千景くんは魔法使い
「ねえ、遠山さんって、水切りやったことある?」
千景くんは話題を変えるようにして立ち上がった。
「……水切り?」
「川に石を投げること。こうやって」
千景くんが足元に落ちていた石を拾い上げてビュンと勢いよく投げた。石はリズミカルにトントンッと水面の上を走っていく。
「な、なにそれ!すごいね!」
まるで石が生きているみたいだ。
「やってみる?」
「わ、私にできるかな」
同じように石を持って川に投げてみた。
……ぽちゃん。
当然というか予想どおりというか、石はあっけなく川に落ちた。
千景くんはあんなに簡単そうに投げていたのにな……。すると、千景くんはなにを思ったのか、私の背後に回ってきた。

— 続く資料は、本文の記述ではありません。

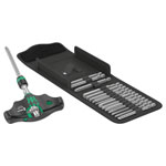 Wera 05023471001 Kraftform Kompakt 400 RA Set 1, 17 pc - One 416 RA T-handle bitholding screwdriver with ratchet function and Rapidaptor quick-release chuck for ¼" bits. The integrated ratchet with fine toothing (80 teeth/return angle 4.5°) eases and accelerates screwdriving without having to reposition the tool.
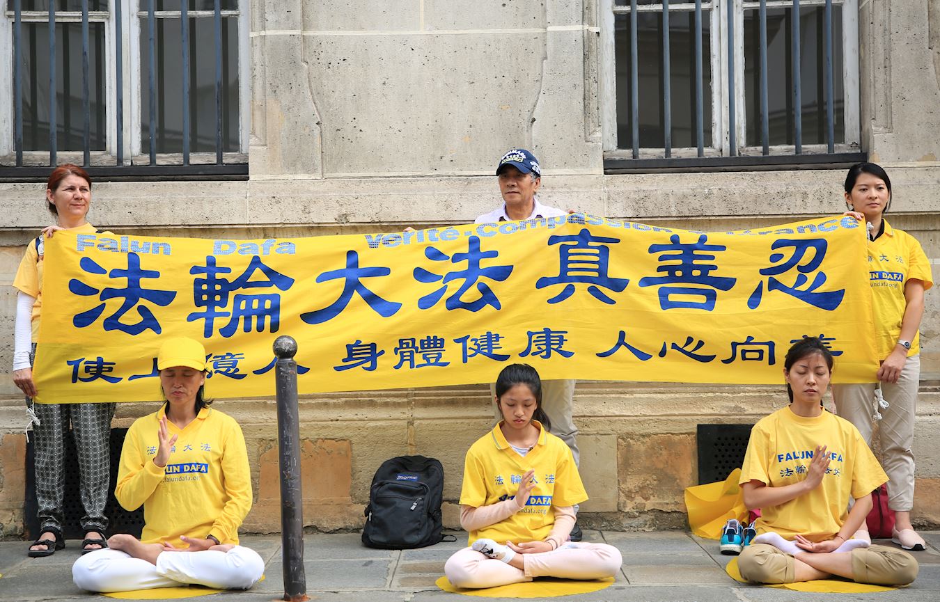 '图1~3:二零一七年七月二十日下午,法轮功学员在巴黎中使馆前集会,抗议中共对法轮功长达十八年的迫害'
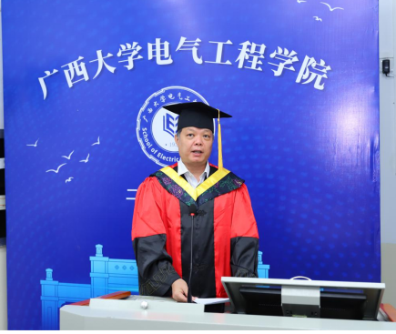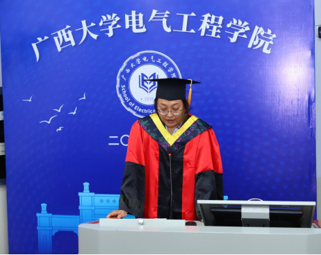 逐风追电,筑梦飞行。6月26日上午,广西大学2021届毕业生典礼暨学位授予仪式在主会场汇学堂拉开序幕,电气工程学院在第十教学楼设立三个分会场观看主会场现场转播。院领导梁京章、双丰、梁志坚、刘辉、黎静华、于婷,学院学位评定分委员会委员、研究生导师代表、毕业班班主任等出席典礼分会场。院党委副书记梁志坚主持电气学院分会场仪式。
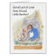 A 'Good Luck at your New School' greeting card for a Little Brother, with a little mouse leaving Mousehole Cottage to set off for his first day at school. This design is from a hand-painted watercolour illustration by Judy Adamson. You can personalise the inside message.

「体は少し前屈みにして、腕を振るのと同時にスライドさせるように石を離すんだよ」
千景くんが私にやり方を教えるように、体を密着させてきた。
「え、ち、千景くん」
さらには、千景くんの大きな手までもが私の指先と重なっている。
くっついている背中が熱い。背が高いことはわかっていたけれど、こうして後ろから手を伸ばされると、私の体は千景くんの中にすっぽりと覆われていた。